Auditory hegemony is further explored in Soya Mori's "Testing the Social Model of Disability," an article describing the United Nations 2006 Convention on the Rights of Persons with Disabilities. At that convention, the UN placed financial limitations on its willingness to provide access to communication in sign language for Deaf people from different nations, despite providing written and spoken access to as many as six official languages for other countries. As Mori suggests, this indicates that financial concerns were a priority over "social justice and equal access" (237). The closing essay in this section, Brenda Jo Brueggemann's "The Tango," explains in detail the "dance" between Deaf and Disability Studies. According to Brueggemann, audism is on one side, while ableism is on the other. Both sides influence the frameworks and identity construction of deaf and disabled people.
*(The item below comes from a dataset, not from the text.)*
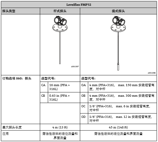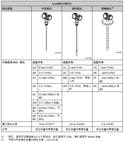 通常,使用桿式探頭或同軸探頭進行液位測量。纜式探頭用于量程超過10 m (33 ft)時的液位測 量(FMP52:量程超過4 m (13 ft)), 以及罐(倉)頂間隙不允許安裝桿式探頭的測量條件下的液位測量。

Burch and Kafer spent three years putting together this collection of articles. They write of their experience, "We struggled, both as individuals and as a pair, to articulate what drives this work: what precisely, unifies and guides these texts?" (xxiv-xxv). The selection of articles in Deaf and Disability Studies demonstrates how a wide selection of approaches can offer multiple points of analysis and perspective. Altogether, this collection attempts to capture the overall potential of what Deaf and Disability Studies could be if the two fields were critically integrated. Because the writers selected come from a wide range of specializations and approaches, the book takes on a vast range of theoretical approaches. Readers who are familiar with the fields of Deaf and Disability Studies will see that the writers' contributions differ in not only their approaches, but also their standpoints. This will be a useful book for those who want a taste of many different analyses that demonstrate the interdisciplinary nature of Deaf and Disability Studies, revealing the complexities and divergences of both fields while demonstrating their intersections.

Work Cited

  • James Woodward, "Implications for the Sociolinguistic Research Among the Deaf." Sign Language Studies 1.1 (1972): 1-7.

Endnotes

  1. Although the table of contents is organized thematically, Deaf and Disability Studies also provides a list of keywords, such as "Activism," "Language," and "Oral History," which cross-reference the articles along various axes.


    Return to Text
  2. The term D/deaf was first coined in 1972 by James Woodward to create the distinctions between the culturally Deaf and the audiologically based deaf. The capitalized form of "Deaf" denotes cultural identity, shared values and language (American Sign Language), while the lowercase "deaf" refers to the audiological condition.